PROBLEM: Everything in the data should be repeated exactly, save for the images.

--- PROVIDED DATA Enclosed Below ---

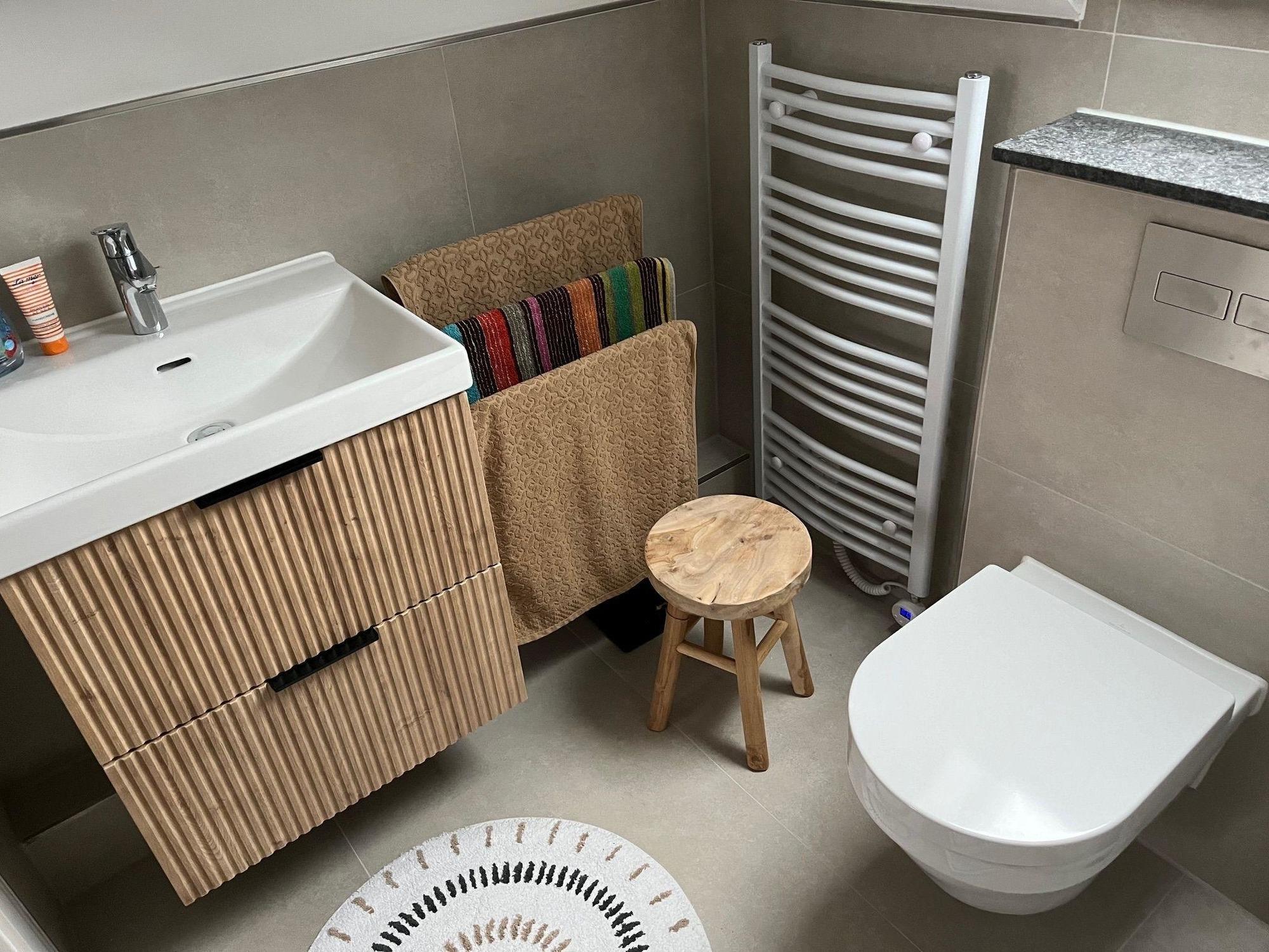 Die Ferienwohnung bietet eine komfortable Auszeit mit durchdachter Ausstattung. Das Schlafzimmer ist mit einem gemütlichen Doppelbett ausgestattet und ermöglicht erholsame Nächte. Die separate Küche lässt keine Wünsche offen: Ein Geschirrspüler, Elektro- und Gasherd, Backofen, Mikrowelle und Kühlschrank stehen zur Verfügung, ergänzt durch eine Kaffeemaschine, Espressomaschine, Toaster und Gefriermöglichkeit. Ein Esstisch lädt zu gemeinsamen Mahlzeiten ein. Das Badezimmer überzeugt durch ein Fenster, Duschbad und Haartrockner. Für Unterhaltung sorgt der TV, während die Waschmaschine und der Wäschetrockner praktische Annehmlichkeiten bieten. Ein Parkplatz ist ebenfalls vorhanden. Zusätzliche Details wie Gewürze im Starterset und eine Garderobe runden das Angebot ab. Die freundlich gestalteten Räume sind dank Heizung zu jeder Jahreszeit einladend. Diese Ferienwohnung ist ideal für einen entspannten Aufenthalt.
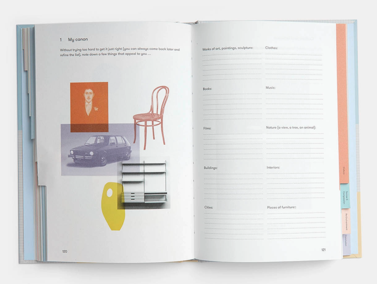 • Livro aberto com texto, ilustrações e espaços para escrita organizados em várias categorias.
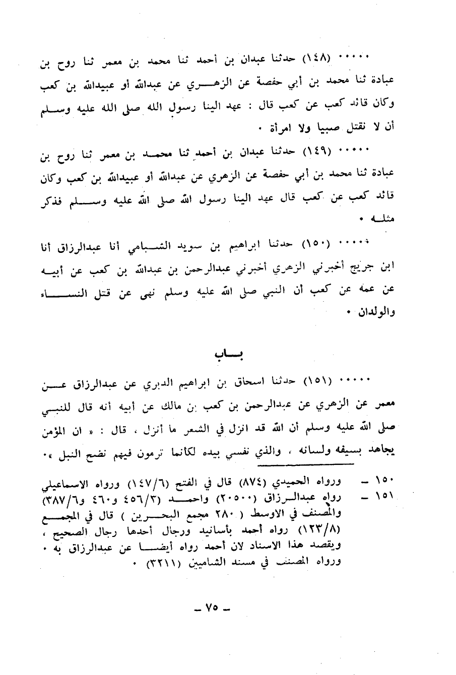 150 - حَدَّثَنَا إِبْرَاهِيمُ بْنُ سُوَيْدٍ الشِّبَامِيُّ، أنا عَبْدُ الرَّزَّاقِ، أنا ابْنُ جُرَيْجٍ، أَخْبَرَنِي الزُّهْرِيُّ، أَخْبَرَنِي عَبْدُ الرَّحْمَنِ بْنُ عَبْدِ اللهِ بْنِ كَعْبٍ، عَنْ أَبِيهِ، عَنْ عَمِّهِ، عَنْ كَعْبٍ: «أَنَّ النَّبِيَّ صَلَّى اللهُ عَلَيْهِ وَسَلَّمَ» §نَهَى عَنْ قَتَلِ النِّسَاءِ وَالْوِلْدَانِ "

--- End of Enclosed PROVIDED DATA ---

OUTPUT FOR THIS EXERCISE:
 Die Ferienwohnung bietet eine komfortable Auszeit mit durchdachter Ausstattung. Das Schlafzimmer ist mit einem gemütlichen Doppelbett ausgestattet und ermöglicht erholsame Nächte. Die separate Küche lässt keine Wünsche offen: Ein Geschirrspüler, Elektro- und Gasherd, Backofen, Mikrowelle und Kühlschrank stehen zur Verfügung, ergänzt durch eine Kaffeemaschine, Espressomaschine, Toaster und Gefriermöglichkeit. Ein Esstisch lädt zu gemeinsamen Mahlzeiten ein. Das Badezimmer überzeugt durch ein Fenster, Duschbad und Haartrockner. Für Unterhaltung sorgt der TV, während die Waschmaschine und der Wäschetrockner praktische Annehmlichkeiten bieten. Ein Parkplatz ist ebenfalls vorhanden. Zusätzliche Details wie Gewürze im Starterset und eine Garderobe runden das Angebot ab. Die freundlich gestalteten Räume sind dank Heizung zu jeder Jahreszeit einladend. Diese Ferienwohnung ist ideal für einen entspannten Aufenthalt.
 • Livro aberto com texto, ilustrações e espaços para escrita organizados em várias categorias.
 150 - حَدَّثَنَا إِبْرَاهِيمُ بْنُ سُوَيْدٍ الشِّبَامِيُّ، أنا عَبْدُ الرَّزَّاقِ، أنا ابْنُ جُرَيْجٍ، أَخْبَرَنِي الزُّهْرِيُّ، أَخْبَرَنِي عَبْدُ الرَّحْمَنِ بْنُ عَبْدِ اللهِ بْنِ كَعْبٍ، عَنْ أَبِيهِ، عَنْ عَمِّهِ، عَنْ كَعْبٍ: «أَنَّ النَّبِيَّ صَلَّى اللهُ عَلَيْهِ وَسَلَّمَ» §نَهَى عَنْ قَتَلِ النِّسَاءِ وَالْوِلْدَانِ "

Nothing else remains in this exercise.